> _Input data_
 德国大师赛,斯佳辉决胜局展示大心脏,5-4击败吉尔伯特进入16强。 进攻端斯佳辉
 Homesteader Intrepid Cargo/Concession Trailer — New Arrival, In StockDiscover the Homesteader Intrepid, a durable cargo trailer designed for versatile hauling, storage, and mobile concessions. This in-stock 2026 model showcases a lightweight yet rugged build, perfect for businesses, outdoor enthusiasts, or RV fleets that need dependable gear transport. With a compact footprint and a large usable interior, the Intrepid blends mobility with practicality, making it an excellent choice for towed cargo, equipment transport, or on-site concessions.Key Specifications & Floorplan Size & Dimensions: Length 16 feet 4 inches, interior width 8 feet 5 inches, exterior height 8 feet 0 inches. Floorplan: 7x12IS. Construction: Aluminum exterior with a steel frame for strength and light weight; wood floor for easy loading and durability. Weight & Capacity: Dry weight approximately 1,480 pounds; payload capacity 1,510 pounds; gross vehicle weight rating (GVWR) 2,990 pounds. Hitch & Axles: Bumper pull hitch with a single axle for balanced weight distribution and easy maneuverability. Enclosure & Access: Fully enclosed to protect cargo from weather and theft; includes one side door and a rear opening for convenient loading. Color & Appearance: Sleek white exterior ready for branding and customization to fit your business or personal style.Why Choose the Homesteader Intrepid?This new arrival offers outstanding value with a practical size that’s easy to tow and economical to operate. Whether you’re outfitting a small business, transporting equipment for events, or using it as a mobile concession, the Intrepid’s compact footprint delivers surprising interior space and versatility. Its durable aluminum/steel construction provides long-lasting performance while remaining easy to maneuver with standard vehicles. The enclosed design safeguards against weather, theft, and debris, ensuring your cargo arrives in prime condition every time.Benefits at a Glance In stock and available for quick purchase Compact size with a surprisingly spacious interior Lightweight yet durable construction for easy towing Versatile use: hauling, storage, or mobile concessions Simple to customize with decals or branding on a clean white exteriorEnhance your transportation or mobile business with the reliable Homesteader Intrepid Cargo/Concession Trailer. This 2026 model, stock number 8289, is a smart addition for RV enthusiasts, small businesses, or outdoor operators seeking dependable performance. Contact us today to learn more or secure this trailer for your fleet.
--
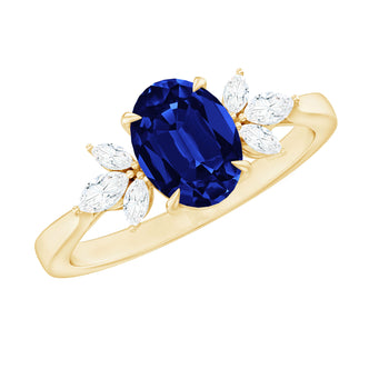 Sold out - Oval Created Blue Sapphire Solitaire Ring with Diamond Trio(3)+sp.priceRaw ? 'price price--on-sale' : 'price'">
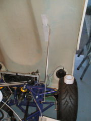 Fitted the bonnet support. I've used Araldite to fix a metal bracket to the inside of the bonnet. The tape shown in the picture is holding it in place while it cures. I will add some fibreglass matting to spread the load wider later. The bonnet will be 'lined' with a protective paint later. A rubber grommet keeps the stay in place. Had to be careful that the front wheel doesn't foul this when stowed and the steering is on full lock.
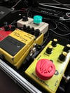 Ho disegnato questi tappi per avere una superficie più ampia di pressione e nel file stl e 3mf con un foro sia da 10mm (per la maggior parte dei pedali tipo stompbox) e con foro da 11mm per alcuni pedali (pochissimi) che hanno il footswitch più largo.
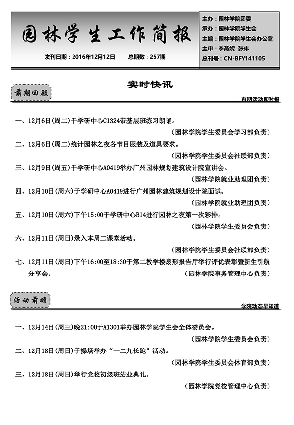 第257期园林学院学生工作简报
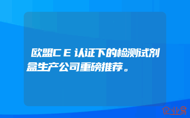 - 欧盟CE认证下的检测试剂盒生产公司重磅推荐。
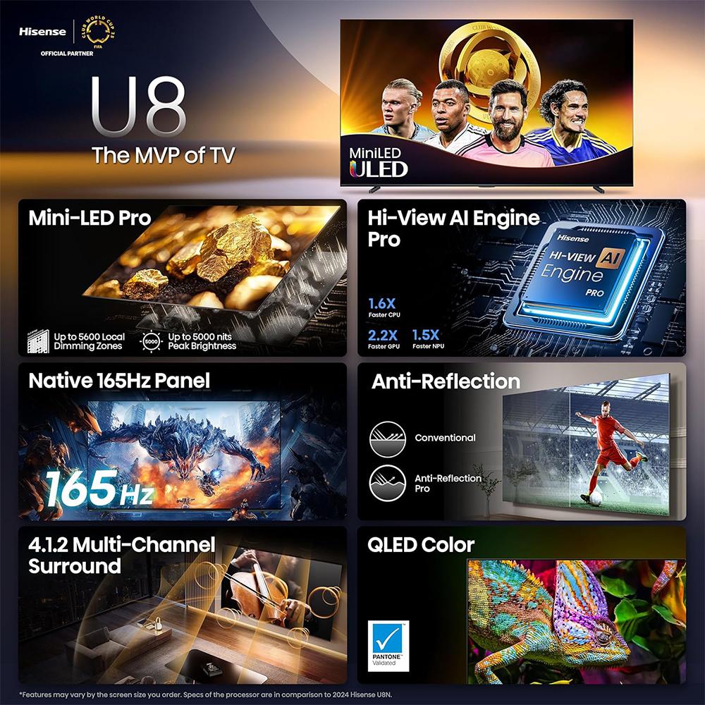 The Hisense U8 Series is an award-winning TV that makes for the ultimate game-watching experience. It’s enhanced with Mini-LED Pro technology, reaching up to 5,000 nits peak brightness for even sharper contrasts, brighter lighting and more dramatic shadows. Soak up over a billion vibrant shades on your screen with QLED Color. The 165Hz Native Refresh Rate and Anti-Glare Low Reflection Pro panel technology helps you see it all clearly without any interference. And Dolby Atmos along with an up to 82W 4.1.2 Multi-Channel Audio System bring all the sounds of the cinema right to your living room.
* * *
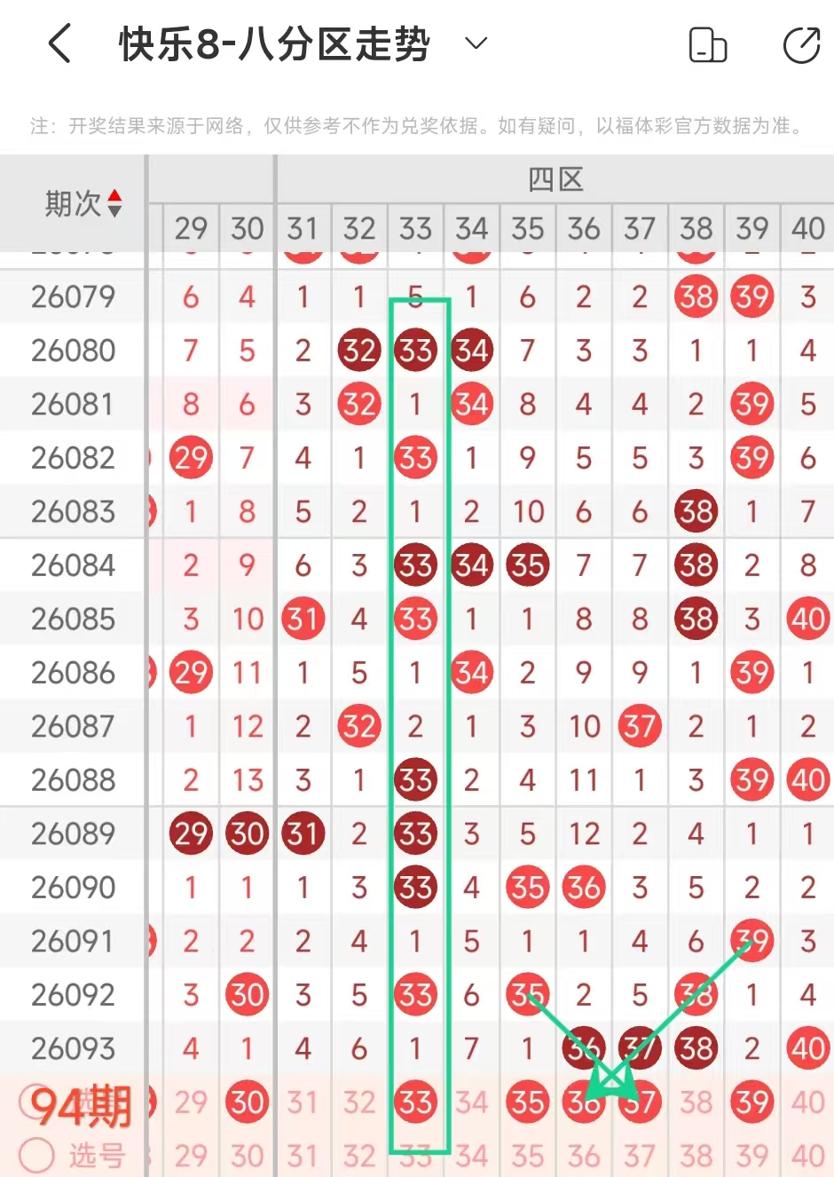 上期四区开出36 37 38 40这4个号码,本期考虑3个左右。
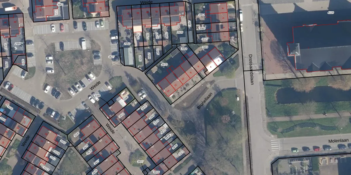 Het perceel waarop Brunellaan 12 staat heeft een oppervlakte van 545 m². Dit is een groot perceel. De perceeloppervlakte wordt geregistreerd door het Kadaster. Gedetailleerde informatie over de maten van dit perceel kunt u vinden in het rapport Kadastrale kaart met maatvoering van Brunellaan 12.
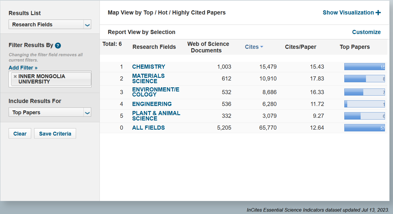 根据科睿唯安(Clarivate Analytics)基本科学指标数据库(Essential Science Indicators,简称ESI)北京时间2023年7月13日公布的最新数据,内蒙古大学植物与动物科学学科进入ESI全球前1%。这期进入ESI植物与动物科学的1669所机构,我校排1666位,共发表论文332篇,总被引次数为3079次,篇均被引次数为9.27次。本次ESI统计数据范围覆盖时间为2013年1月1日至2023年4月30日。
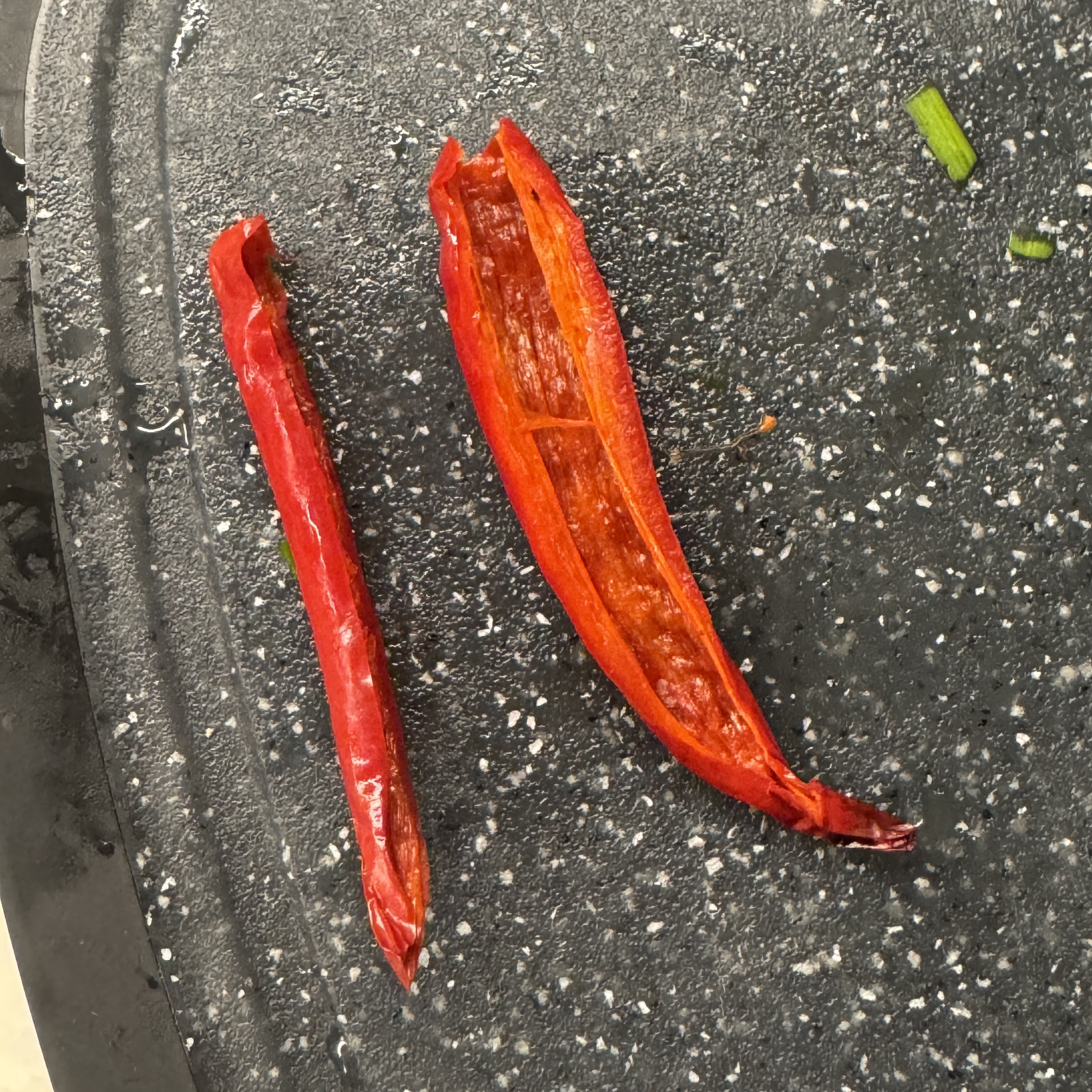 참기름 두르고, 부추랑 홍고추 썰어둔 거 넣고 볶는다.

> _What you need to do_
In the entries above, which lines run from the one with "Sold out - Oval" up to and including the one with "- 欧盟CE认证下的检测试剂盒生产公司重磅推荐。"? Write them out exactly, without the pictures.

> _Expected answer_
 Sold out - Oval Created Blue Sapphire Solitaire Ring with Diamond Trio(3)+sp.priceRaw ? 'price price--on-sale' : 'price'">
 Fitted the bonnet support. I've used Araldite to fix a metal bracket to the inside of the bonnet. The tape shown in the picture is holding it in place while it cures. I will add some fibreglass matting to spread the load wider later. The bonnet will be 'lined' with a protective paint later. A rubber grommet keeps the stay in place. Had to be careful that the front wheel doesn't foul this when stowed and the steering is on full lock.
 Ho disegnato questi tappi per avere una superficie più ampia di pressione e nel file stl e 3mf con un foro sia da 10mm (per la maggior parte dei pedali tipo stompbox) e con foro da 11mm per alcuni pedali (pochissimi) che hanno il footswitch più largo.
 第257期园林学院学生工作简报
 - 欧盟CE认证下的检测试剂盒生产公司重磅推荐。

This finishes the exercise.